How South Philly Native Ayesha Selden Became A Millionaire At 30 By Reclaiming Some Of Philly's Most Unwanted Neighborhoods
PHILADELPHIA (CBS) - "Revenge season" is how one South Philly woman describes her mission of reclaiming what some consider to be some of the city's most unwanted neighborhoods. Her millionaire mindset has taken her on a journey to wealth, which she's now using to inspire others.
"I was always the kid that could keep a buck," Real Estate Investor Ayesha Selden said. "My allowance, I was wheeling and dealing as a child."
And growing up in South Philly, where drug dealers ran the streets, Ayehsa Seldon admits she was tempted to sell marijuana and make extra cash.
"When you think about when I grew up in the 80s - who we looked up to in South Philly? It was drug dealers," Selden said.
But her mom's intuition intervened.
"My mother, who is a praying woman, came into my bedroom and said, 'whatever you're thinking about doing, don't do it,'" Selden said.
So Selden set her sights higher.
"Literally, no one wanted it. So imagine a community where no one wants the homes," Selden said. "It was a rough neighborhood to grow up in, but I knew that it wouldn't last forever."
She knew her South Philly neighborhood, mostly low-income housing at the time, had potential.
"I remember saying, 'mom, don't sell the house,'" Selden recalls.
Her mom sold their first house in the late 90s for $40,000. Today, it's worth more than ten times that.
"The wealth that just slipped through our fingers because we didn't know. We didn't know what we had," Selden said. "I look at our neighborhoods, and we're often told no one is gonna wanna live there, it's the hood, it's ghetto. I want us to realize and recognize that what we have and what we do own is valuable and to know it's valuable before someone else comes in and tells us it's valuable."

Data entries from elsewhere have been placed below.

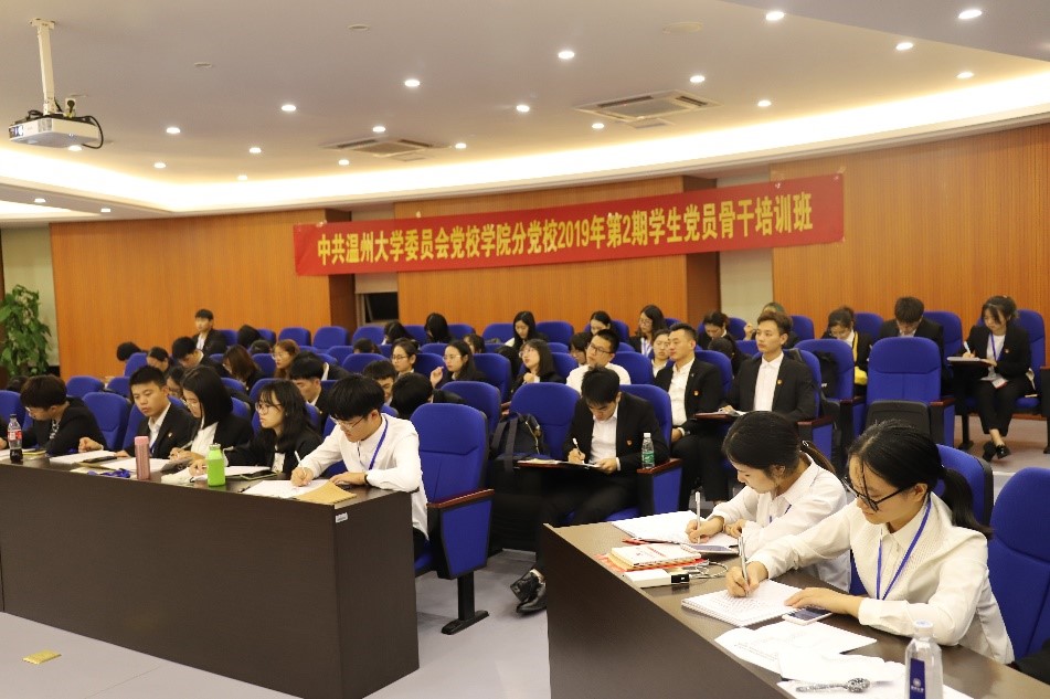 为认真学习贯彻党的十九大精神,深入贯彻党中央加强基层党建、全面从严治党的战略部署要求,结合“不忘初心 牢记使命”主题教育,进一步提高学生党员骨干的综合素养,加强学生党员骨干的各项能力,2019年10月23日下午13:30,中共温州大学委员会党校学院分党校2019年第2期学生党员骨干联合培训班(教育学院、数理学院、化材学院、生环学院、机电学院、电气电子学院、计算机学院、建工学院、美术学院等学院分党校)开班仪式于机电楼3B-309举行。出席本次开班仪式的老师有计算机与人工智能学院分党校校长全力,化学与材料工程学院分党校校长熊林、机电工程学院分党校校长周荣以及九个学院党建负责老师。本次开班仪式由计算机与人工智能学院学工办主任叶洁琼老师主持,学生党员骨干共计58人参加培训。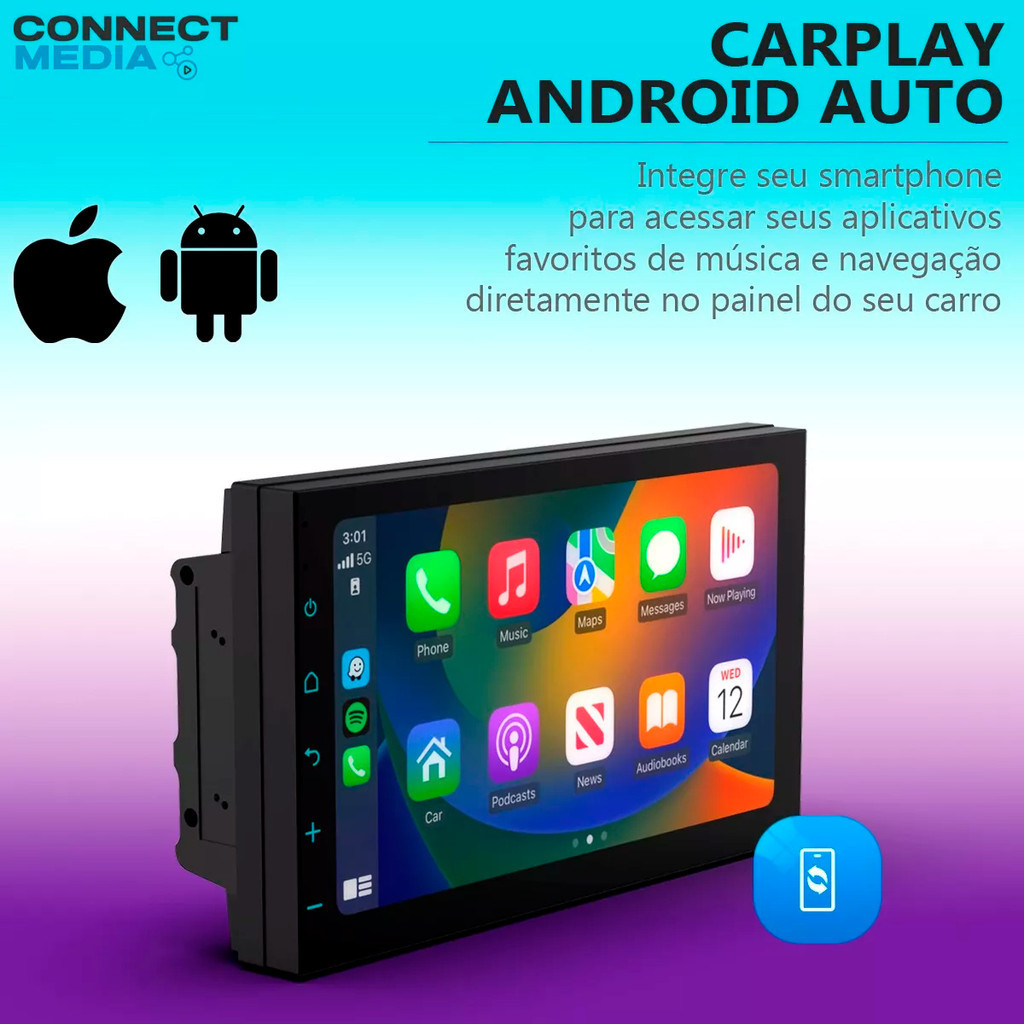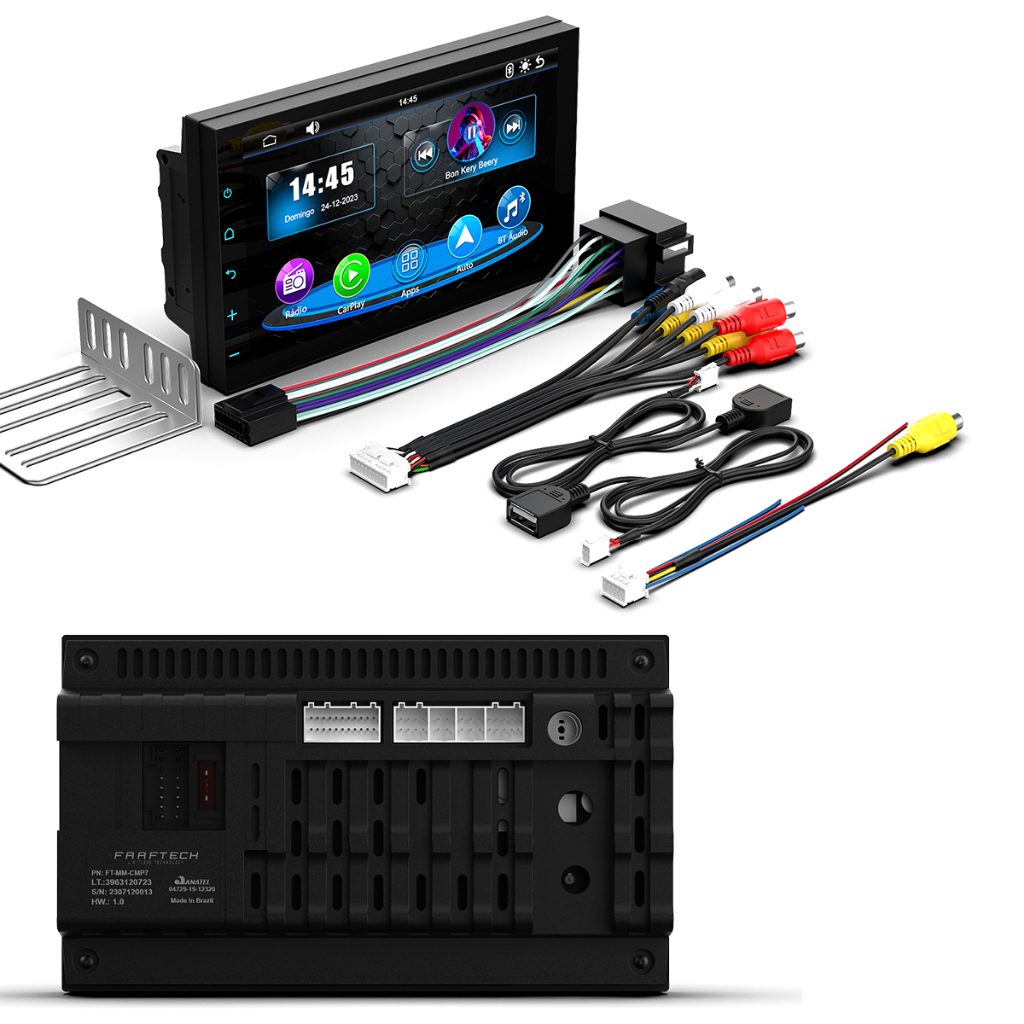 Central Multimídia Carplay Faaftech CM7 7 Polegadas Bluetooth + Câmera Ré Universal Colorida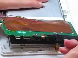 Отсоедините ленточный кабель у кромки материнской платы в нижнем правом углу устройства.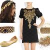 Alice Olivia purple cocktail dress, €120 / Viktor & Rolf open-toe pumps, €295 / MIA pointed toe shoes, €26 / Tory Burch credit card holder wallet, €185 / Purple swarovski crystal earrings, €18 / Kate Spade bracelet bangle, €58 / Alexander McQueen pink shawl, €220 / Urban decay eye makeup, €14 / Diesel eau de perfume, €25 / Hersheson Fishtail Plait, €85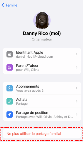 4. Appuyez sur votre nom et sélectionnez « Ne plus utiliser le partage familial ».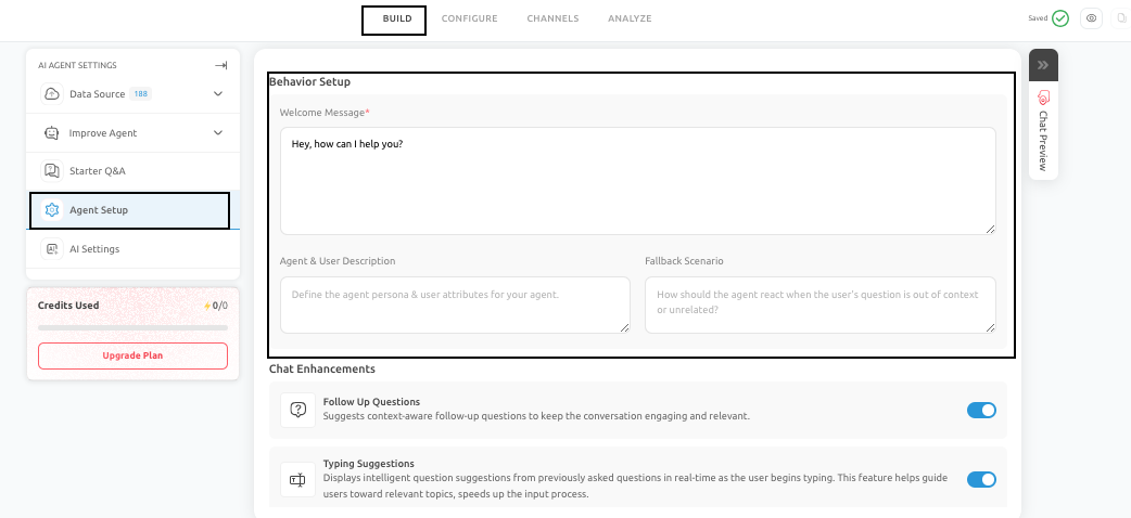 Behavior Setup directly impacts consistency. A strong welcome message tells users what they can ask. A clear AI Agent description helps keep the conversation relevant. A thoughtful fallback prevents the experience from ending in a confusing dead end when the user asks something unexpected.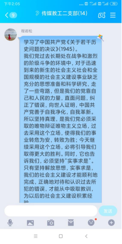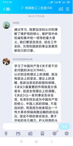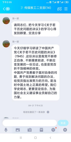 大家相互交流了学习心得,会后把学习心得发布到了群里。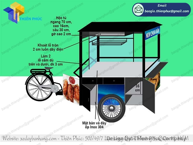 Bên cạnh đó, Thiên Phúc còn nhận thiết kế đóng xe đạp bán hàng theo yêu cầu, đảm bảo tiêu chí ĐẸP – TIỆN ÍCH – CHẤT LƯỢNG – GIÁ RẺ. Ngoài ra, Thiên Phúc còn góp ý với khách hàng thiết kế đề can theo yêu cầu, thiết kế xe bán hàng TÀI LỘC, hợp mệnh, hợp tuổi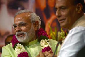 BJP president Rajnath Singh and Narendra Modi after the announcement today.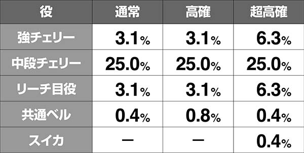 通常時は通常、高確、超高確と3つの内部状態(有利区間)があり、上位の状態ほどレア役成立時のボーナス当選率がアップ。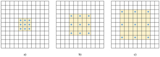This paper added dilated convolution to Conv13 and Conv14, as shown in Figure 2. Dilated convolution increases the perceived field of convolution without reducing the spatial feature resolution or increasing model and parameter complexity, meaning it compensates for the lost feature information in the first half and adds more global information to the feature map. Figure 3 shows the difference between ordinary convolution and dilated convolution. The blue dots represent the 3 × 3 convolution kernel, and the yellow area represents the perceived field of vision after the convolution operation. Figure 3a shows the general convolution process, which is preset to 1 and performs the sliding operation closely on the feature map. Figure 3b shows that the dilated convolution is 2, and the perceived field of vision is 5 × 5. Figure 3c shows that the dilated convolution is 3, and the perceived field of vision is 7 × 7. Figure 3 shows that the benefit of dilated convolution is that without pooling loss information, the perceived field of vision is enlarged and each convolutional output contains a wide range of information. In this paper, the values of dilated convolution added to Conv13 and Conv14 were 6 and 5, respectively.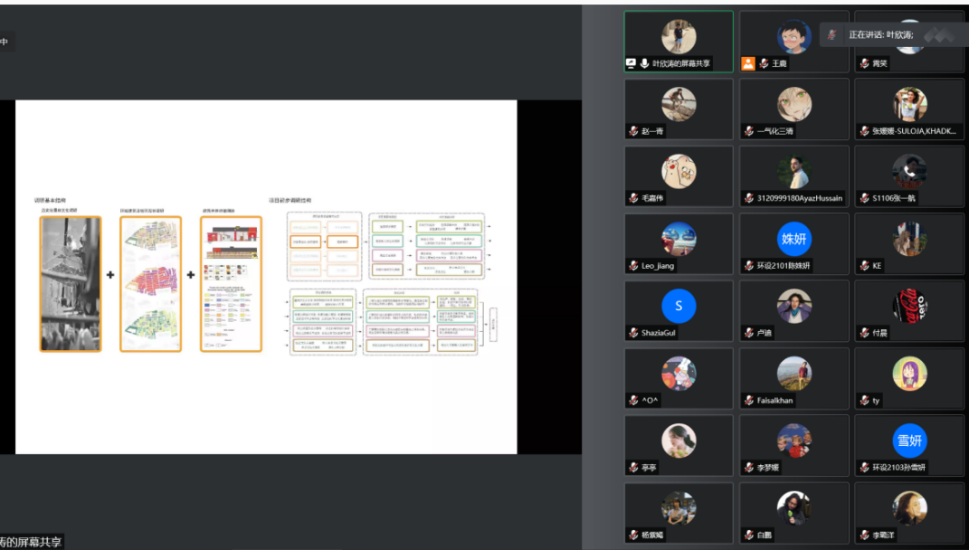 相关的研究工作与叶欣涛老师开展了对谈,包括文化遗产视角下的城市空间整合、中国城市建筑档案体系在未来的建构趋势等问题进行了再思考。最后叶欣涛老师对在线师生提出的相关问题进行了详细解答,包括前期要素调研的复合方法、纵向和横向比较下相似城市局部片区的研究意义、设计过程中如何平衡土地价值、在区域设计中如何考虑建筑的保留与摒弃、城市建筑如何在整体社会发展背景下从微观到中观再到宏观实现过渡、国内外设计管理之差异等诸多问题。

And that was part of Selden's motivation. After graduating from Temple, she became a stockbroker.
"My mission was to build and grow wealth, not through just stocks, that was my profession, but also through buildings, through land," Selden said.
She started with her first rental property in her early 20s.
"My passion around what I call "buying the hood" started with that house. It started with what I call "revenge season," Selden said.
Revenge season meant using her tenants' rent to pay off the mortgage and then using the equity to get another loan.
"And I bought another house right around the corner from there and I literally kept doing that over and over, and over again," Selden said.
She reached millionaire status by her 30th birthday.
Today, more than a decade later... "Now I own a few dozen properties here in Philadelphia and one in Los Angeles," Selden said.
Selden is now using her expertise, inspiring others to take ownership of their communities. Giving talks around the country and using her social media platforms to educate. Hoping to help them create legacies of their own.
"That's really what I want to make sure our community thinks about, just holding onto those assets, passing them down, generationally," Selden said.
Ayesha says she remembers as a child, her mom would pack her and her sister in their car and drive from South Philly to the Main Line to admire all of the large houses. She says seeing that really helped her realize that being wealthy was attainable.
She was able to do it by starting small and being persistent.